▼

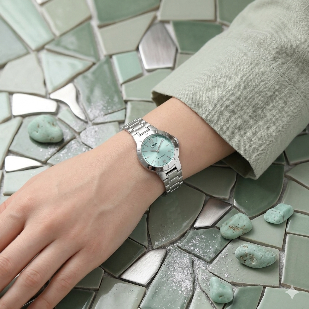 El LTP‑1177A‑3ADF es un reloj analógico femenino de Casio que combina elegancia clásica con un toque moderno gracias a su distintiva esfera verde. Este modelo es perfecto para mujeres que buscan un accesorio sofisticado, versátil y diferente para el uso diario en Perú.
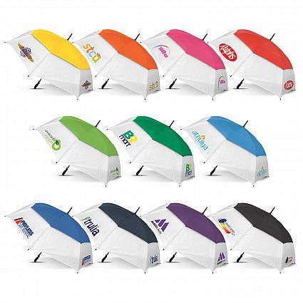 Auto open 76 cm, eight panel sports umbrella manufactured from rugged 190T showerproof fabric. It has a fully vented double panel wind proof canopy complete with eight fibreglass ribs and a super strong fibreglass shaft. Other features include a contoured, soft touch rubber lacquered grip, plastic tips, double Velcro ties and the option of full colour printing on the white panels
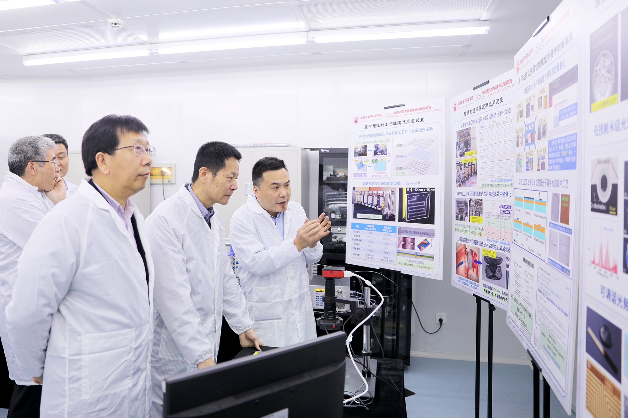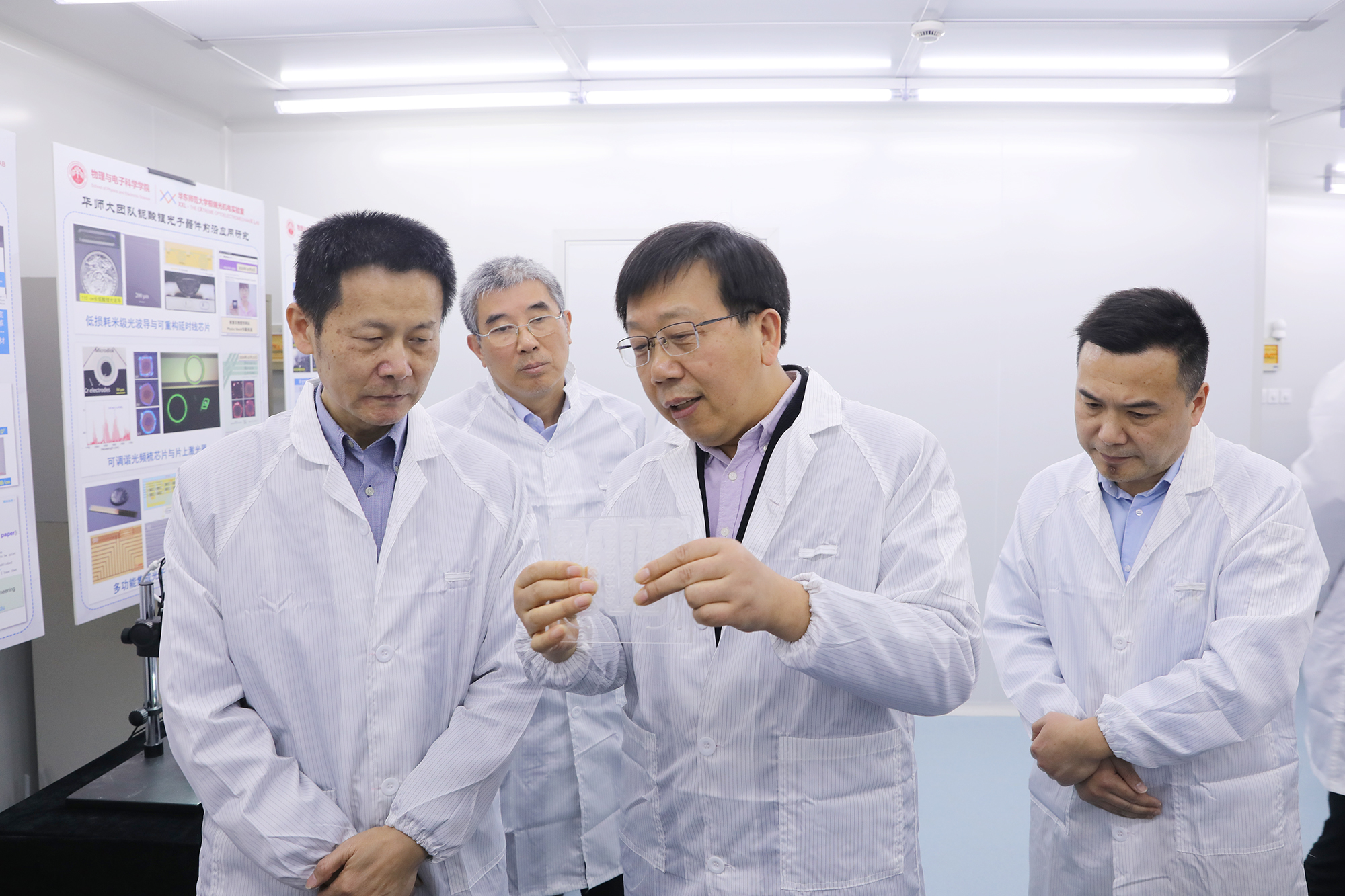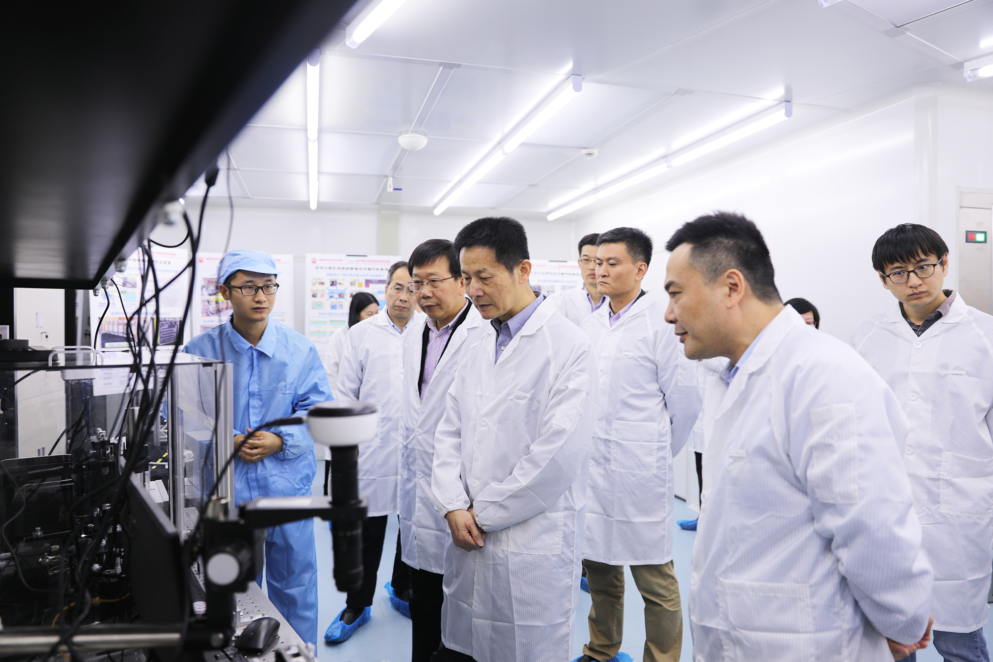 吴清副市长一行首先参观了物理与电子科学学院极端光机电实验室,考察了上海市市级重大专项“超限制造”项目的近期实施进展与铌酸锂光子芯片制备创新成果,听取了课题组汇报。
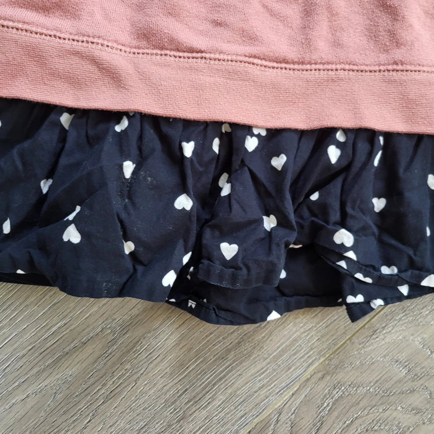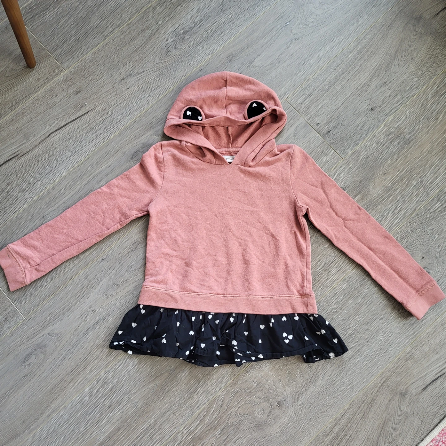 Super cute girls' hoodie from Nordstroms. It features a pink hoodie top with adorable details on the hood, and a black ruffle with a white heart pattern.
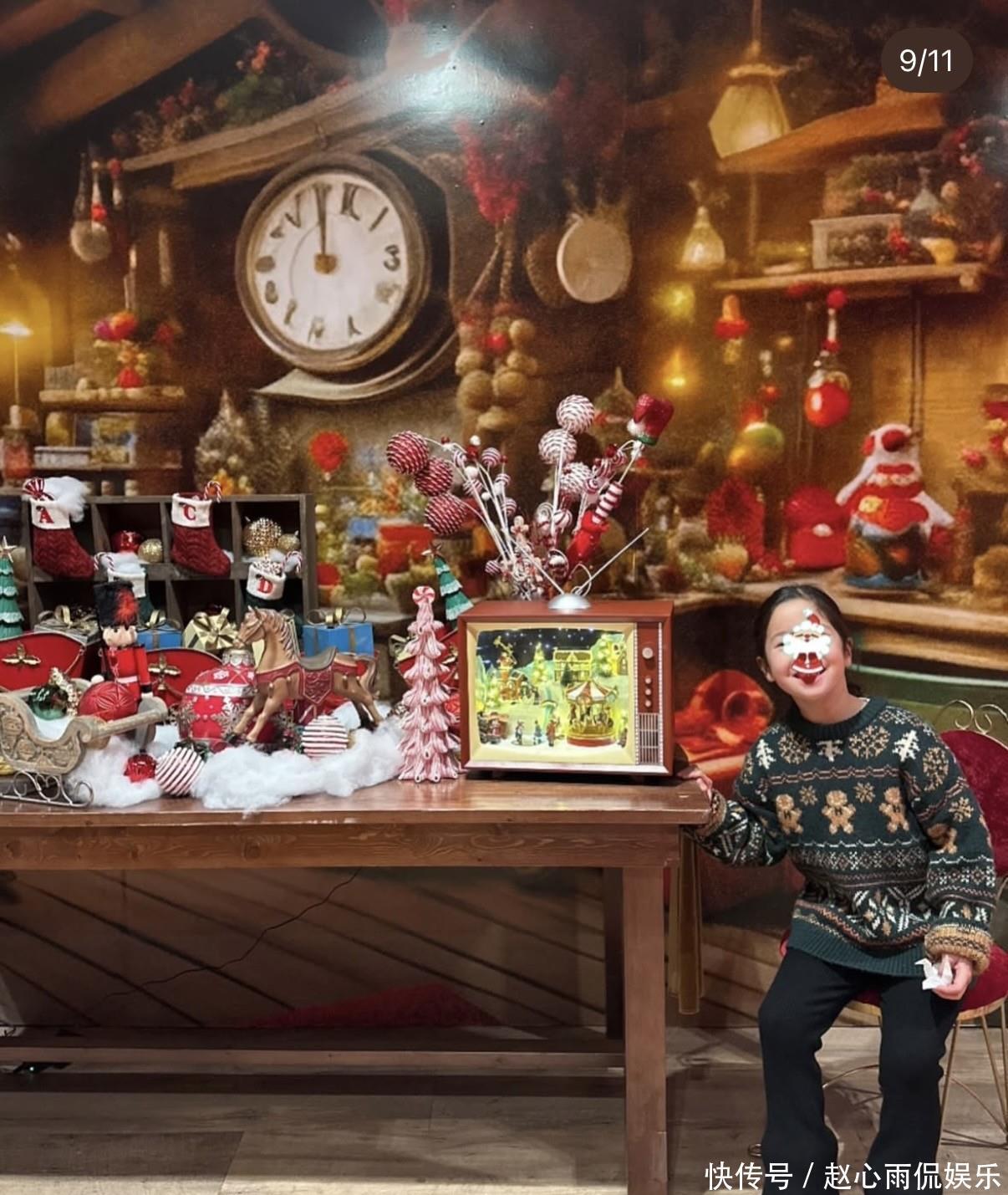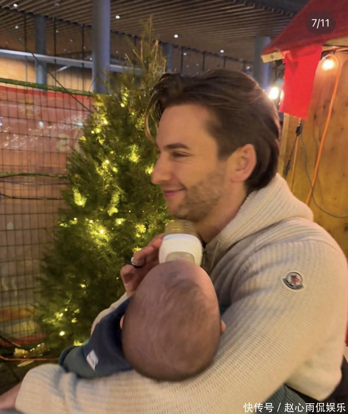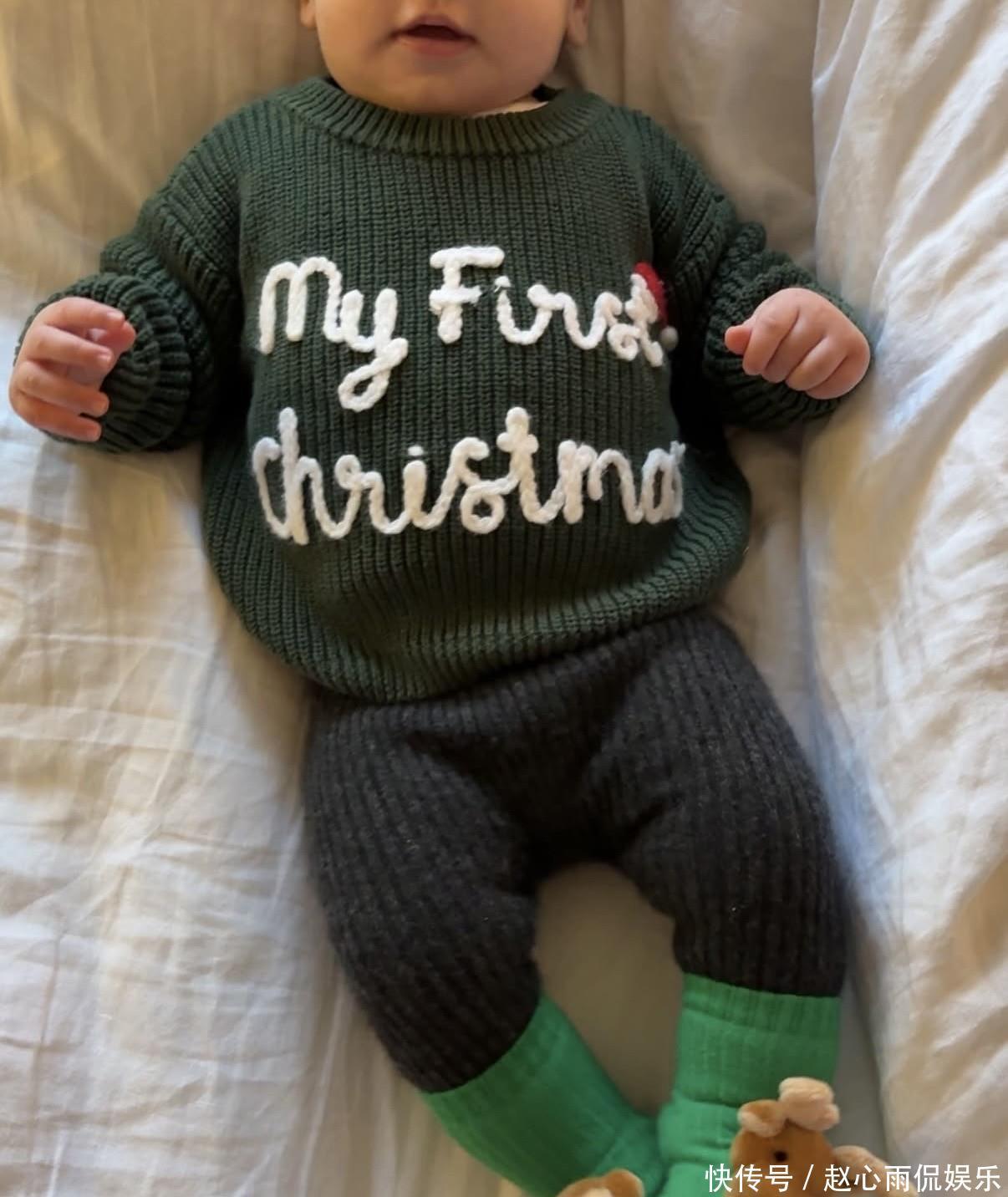 Sara 穿乌绿色雪花小熊毛衣,应景又可人;男儿则是定制款绿色毛衣,印着 “My First Christmas” 字样,搭配麋鹿袜子,萌化网友。
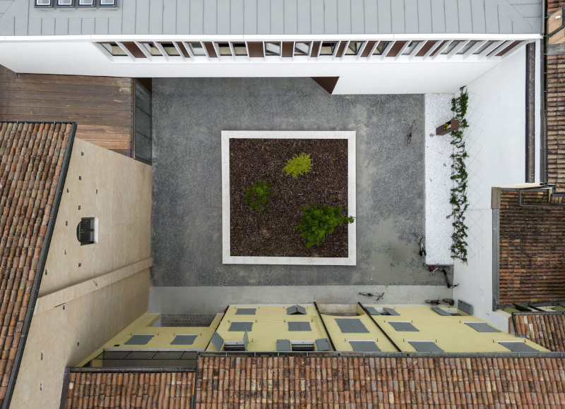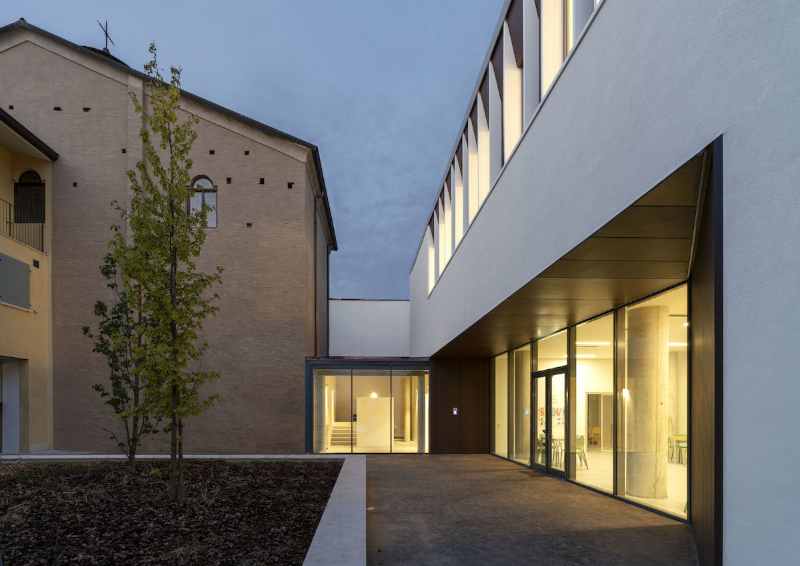 «L'intervento - spiega ancora lo studio - ha previsto la demolizione parziale delle strutture esistenti e la ricostruzione di un nuovo edificio: un volume leggero e vetrato, molto compatto, sviluppato su due piani nel rispetto delle altezze del contesto. Il nuovo volume diventa l'occasione per dar vita a una serie di cortili destinati a creare nuove relazioni spaziali tra la chiesa di San Rocco e il centro parrocchiale, e a favorire le connessioni tra la parte pubblica a ovest, e la parte privata a est, dove è stata collocata la casa canonica».
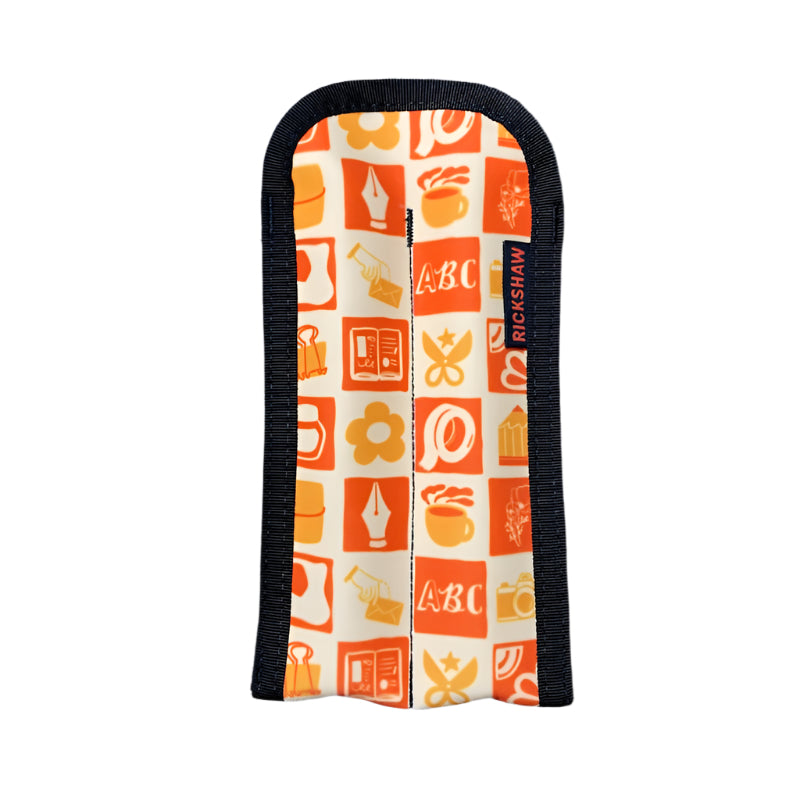 The Rickshaw Bagworks Stationery Icons 2-Pen Sleeve allows you to safely carry your favorite pens on-the-go in a plush lined case with an abstract take on computer coding on printed polyester canvas fabric for the outside.
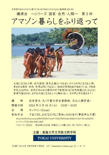 文学部文明学科では、3月16日(土)に、オンライン(Zoom)で、講演会 ―シリーズ 国家・自然・人間― 第3回「アマゾン暮らしをふり返って」を開催します。
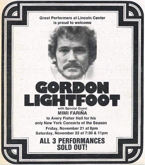 Opening for Gordon Lightfoot at Avery Fisher Hall at Lincoln Center, New York City,
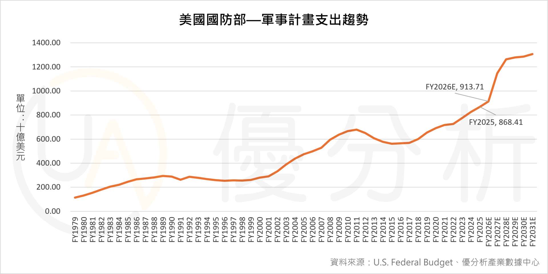 首先,是美國國防支出的長期上升。
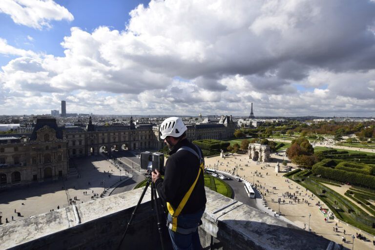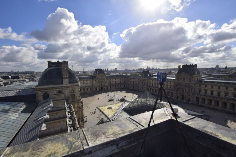 Art Graphique & Patrimoine a réalisé le BIM rétro-conception des toitures du Musée du Louvre, afin de réaliser un diagnostic sur leur état de santé. Le chantier s’est déroulé en plusieurs étapes, à partir notamment d’une campagne de numérisation 3D en lasergrammétrie et photogrammétrie aérienne (drone) : le relevé exhaustif des toitures, qui s’étendent sur une surface totale de cinq hectares, a permis l’assemblage des mesures dans un nuage de points.

▲

■ About this exercise
Set the pictures aside and retype exactly the lines above from the line with "Opening for Gordon" to the line with "首先,是美國國防支出的長期上升。", both included, adding no others.

■ Answer to this problem
 Opening for Gordon Lightfoot at Avery Fisher Hall at Lincoln Center, New York City,
 首先,是美國國防支出的長期上升。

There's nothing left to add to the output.